> Instructions for the task
Print the first line of the material below and each line after it, exactly as written, ending with the line that contains "Kiedy zoptymalizujesz wydatki".

> Records for processing

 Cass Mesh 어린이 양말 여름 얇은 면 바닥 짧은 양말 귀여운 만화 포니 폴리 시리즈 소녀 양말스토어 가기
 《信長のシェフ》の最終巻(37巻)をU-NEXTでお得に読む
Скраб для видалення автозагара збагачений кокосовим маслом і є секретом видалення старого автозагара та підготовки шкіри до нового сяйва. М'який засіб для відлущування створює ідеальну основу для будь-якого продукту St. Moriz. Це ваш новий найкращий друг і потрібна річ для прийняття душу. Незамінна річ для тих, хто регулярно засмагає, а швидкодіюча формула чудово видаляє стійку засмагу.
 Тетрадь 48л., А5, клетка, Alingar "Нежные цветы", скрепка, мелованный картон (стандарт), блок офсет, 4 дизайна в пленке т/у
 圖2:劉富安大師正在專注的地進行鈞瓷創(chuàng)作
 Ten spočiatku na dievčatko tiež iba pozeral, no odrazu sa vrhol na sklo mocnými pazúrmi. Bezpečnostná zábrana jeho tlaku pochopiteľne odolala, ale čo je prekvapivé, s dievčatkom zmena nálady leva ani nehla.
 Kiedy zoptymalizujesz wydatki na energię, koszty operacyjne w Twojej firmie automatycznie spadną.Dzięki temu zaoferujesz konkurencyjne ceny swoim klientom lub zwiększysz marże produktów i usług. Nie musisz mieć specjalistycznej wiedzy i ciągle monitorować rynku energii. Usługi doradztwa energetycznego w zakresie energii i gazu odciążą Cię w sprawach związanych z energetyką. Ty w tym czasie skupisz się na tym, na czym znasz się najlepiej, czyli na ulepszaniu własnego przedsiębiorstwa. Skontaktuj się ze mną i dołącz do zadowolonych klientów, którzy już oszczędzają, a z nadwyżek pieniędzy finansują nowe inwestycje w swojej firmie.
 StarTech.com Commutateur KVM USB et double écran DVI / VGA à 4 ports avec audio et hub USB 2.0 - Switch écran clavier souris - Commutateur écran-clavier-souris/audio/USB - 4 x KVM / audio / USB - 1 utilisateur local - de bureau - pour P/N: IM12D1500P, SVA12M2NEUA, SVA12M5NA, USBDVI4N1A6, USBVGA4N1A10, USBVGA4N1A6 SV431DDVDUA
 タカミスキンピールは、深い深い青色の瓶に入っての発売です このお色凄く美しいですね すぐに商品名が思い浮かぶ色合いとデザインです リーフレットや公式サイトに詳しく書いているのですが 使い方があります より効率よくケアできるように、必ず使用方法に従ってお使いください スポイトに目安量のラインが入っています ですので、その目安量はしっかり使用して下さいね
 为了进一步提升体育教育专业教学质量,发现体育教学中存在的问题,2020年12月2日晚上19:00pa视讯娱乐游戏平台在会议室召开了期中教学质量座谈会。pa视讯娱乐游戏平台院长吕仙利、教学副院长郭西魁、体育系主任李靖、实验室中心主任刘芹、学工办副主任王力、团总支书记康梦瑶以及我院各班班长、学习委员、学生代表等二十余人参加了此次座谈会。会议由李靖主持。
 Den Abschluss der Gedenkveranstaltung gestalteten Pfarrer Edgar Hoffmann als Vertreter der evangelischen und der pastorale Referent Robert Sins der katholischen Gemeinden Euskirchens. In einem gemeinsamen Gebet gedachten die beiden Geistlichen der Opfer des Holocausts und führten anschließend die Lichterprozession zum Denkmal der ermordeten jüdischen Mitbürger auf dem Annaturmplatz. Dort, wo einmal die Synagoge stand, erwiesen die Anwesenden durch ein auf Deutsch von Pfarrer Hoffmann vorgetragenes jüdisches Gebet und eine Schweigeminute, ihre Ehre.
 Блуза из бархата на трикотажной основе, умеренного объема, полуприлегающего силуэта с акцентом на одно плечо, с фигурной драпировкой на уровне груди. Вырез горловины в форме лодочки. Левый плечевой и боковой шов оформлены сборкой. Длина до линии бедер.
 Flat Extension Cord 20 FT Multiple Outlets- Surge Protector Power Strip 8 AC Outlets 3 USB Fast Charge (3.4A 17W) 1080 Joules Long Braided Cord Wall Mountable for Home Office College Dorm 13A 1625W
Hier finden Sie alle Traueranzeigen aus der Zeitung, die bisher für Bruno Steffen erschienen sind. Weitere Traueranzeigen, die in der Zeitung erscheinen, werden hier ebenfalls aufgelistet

> Response to the task
 Cass Mesh 어린이 양말 여름 얇은 면 바닥 짧은 양말 귀여운 만화 포니 폴리 시리즈 소녀 양말스토어 가기
 《信長のシェフ》の最終巻(37巻)をU-NEXTでお得に読む
Скраб для видалення автозагара збагачений кокосовим маслом і є секретом видалення старого автозагара та підготовки шкіри до нового сяйва. М'який засіб для відлущування створює ідеальну основу для будь-якого продукту St. Moriz. Це ваш новий найкращий друг і потрібна річ для прийняття душу. Незамінна річ для тих, хто регулярно засмагає, а швидкодіюча формула чудово видаляє стійку засмагу.
 Тетрадь 48л., А5, клетка, Alingar "Нежные цветы", скрепка, мелованный картон (стандарт), блок офсет, 4 дизайна в пленке т/у
 圖2:劉富安大師正在專注的地進行鈞瓷創(chuàng)作
 Ten spočiatku na dievčatko tiež iba pozeral, no odrazu sa vrhol na sklo mocnými pazúrmi. Bezpečnostná zábrana jeho tlaku pochopiteľne odolala, ale čo je prekvapivé, s dievčatkom zmena nálady leva ani nehla.
 Kiedy zoptymalizujesz wydatki na energię, koszty operacyjne w Twojej firmie automatycznie spadną.Dzięki temu zaoferujesz konkurencyjne ceny swoim klientom lub zwiększysz marże produktów i usług. Nie musisz mieć specjalistycznej wiedzy i ciągle monitorować rynku energii. Usługi doradztwa energetycznego w zakresie energii i gazu odciążą Cię w sprawach związanych z energetyką. Ty w tym czasie skupisz się na tym, na czym znasz się najlepiej, czyli na ulepszaniu własnego przedsiębiorstwa. Skontaktuj się ze mną i dołącz do zadowolonych klientów, którzy już oszczędzają, a z nadwyżek pieniędzy finansują nowe inwestycje w swojej firmie.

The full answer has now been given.